### [Try it]
Your task is to return exactly the lines that run from the one containing "食器やテーブルを拭いたり、キ" through the end of the listing below, without any pictures.

### [Input data]
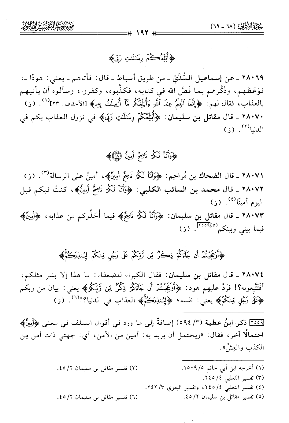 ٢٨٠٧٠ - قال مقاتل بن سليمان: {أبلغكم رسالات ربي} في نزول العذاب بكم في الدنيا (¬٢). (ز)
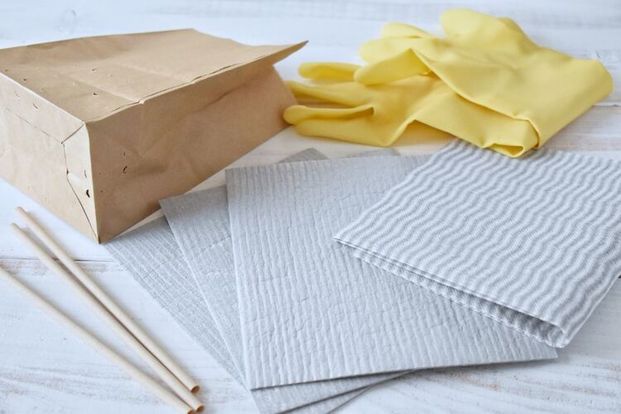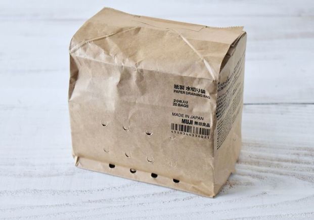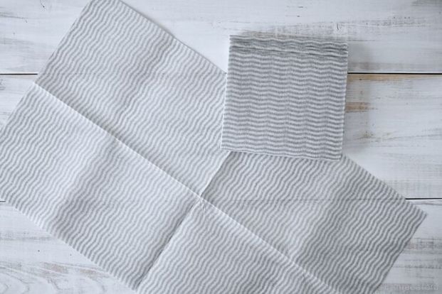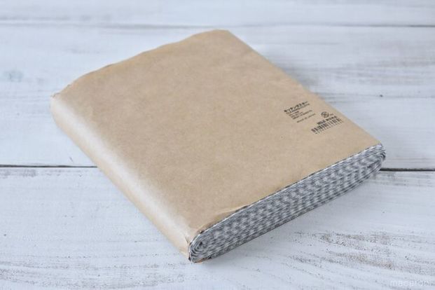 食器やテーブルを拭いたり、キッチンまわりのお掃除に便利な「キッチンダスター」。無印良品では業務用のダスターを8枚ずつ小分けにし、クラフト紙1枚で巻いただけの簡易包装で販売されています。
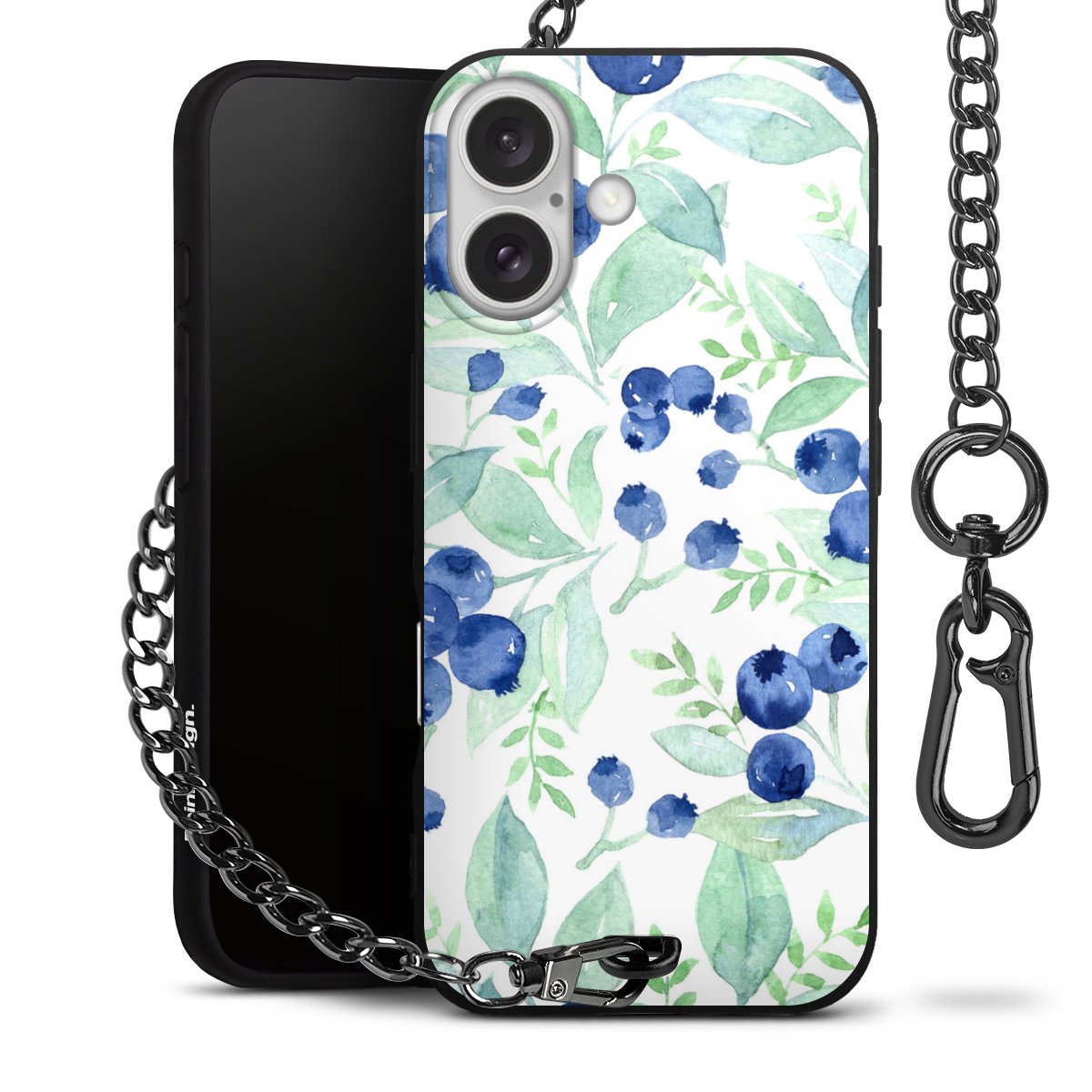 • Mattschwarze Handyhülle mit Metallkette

### [Completed task]
 食器やテーブルを拭いたり、キッチンまわりのお掃除に便利な「キッチンダスター」。無印良品では業務用のダスターを8枚ずつ小分けにし、クラフト紙1枚で巻いただけの簡易包装で販売されています。
 • Mattschwarze Handyhülle mit Metallkette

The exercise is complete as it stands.